Another time I was volunteering at a local food kitchen in the Tenderloin district of San Francisco, when a homeless man initiated a conversation with me by asking, “You’re latina right?” I was surprised he sounded so confident, since most people assume me to be of Filipino descent because of my straight black hair. Nonetheless, I answered with a cheerful, “yes.” The man began to describe my skin color, and how he could easily “spot his kind.” He introduced himself as Enrique, and told me he was from El Salvador. He had traveled to California in search for a better paying job, so that he could send money to help his daughter pay for her private college in El Salvador.
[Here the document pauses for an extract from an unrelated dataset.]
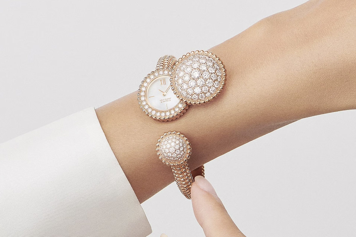 Ma l’elenco dei bangle watch contemporanei sarebbe incompleto senza la citazione del Perlée Toi & Moi di Van Cleef & Arpels. Presentato alla fine del 2023, prende spunto dalle piccole boule che fanno parte dell’heritage della Casa, proprio come il genere degli orologi “a segreto” cui appartiene. Qui il sottile bracciale rigido in oro rosa o giallo è composto interamente dal motivo perlé, allineato su cinque file, e termina con due grandi semisfere di diverse dimensioni. Quella più grande nasconde l’orologio: ma basta ruotare il cabochon di 90° per rivelare il quadrante in madreperla, circondato dalla lunetta con diamanti.

He also told me how I should be proud of my skin, as it represents my ancestors, and how he was jealous of my skin because unlike him I am not prieto, or dark-skinned. Enrique, whom I helped feed that morning, taught me to be confident in my own skin. He ended up helping me more than I helped him.
My grandpa calls me chaparrita,which is latin slang for “short.” I am five feet tall, but around my family I am of average height. The house that I live in now was built by my mother’s uncle, who was a mere five feet.  We bought the house in 03’, because my mother wanted to raise my sister and I away from the Daly City fog. The house was once my grandparents, so as it was familiar, it was a comfortable move. When we first welcomed in visitors, we realized how our house wasn’t fit for those of average height. Once, our neighbor came in and he bumped his head on the entryway of our kitchen. Now, whenever we have new guests that exceed five and a half feet, we tell them to proceed with caution, as to avoid hitting their heads.

My height has never been a problem for me. That doesn’t mean I haven’t been called names, I just choose to ignore the comments because I am happy with my height. Being five feet allows me to squeeze in the front row of a concert, and it enables me to pay $5 less at movie theaters (since I can pass as a twelve year old.) I am grateful to have grown up surrounded by family who have instilled in me the confidence to ignore negative remarks and to love the body I am in.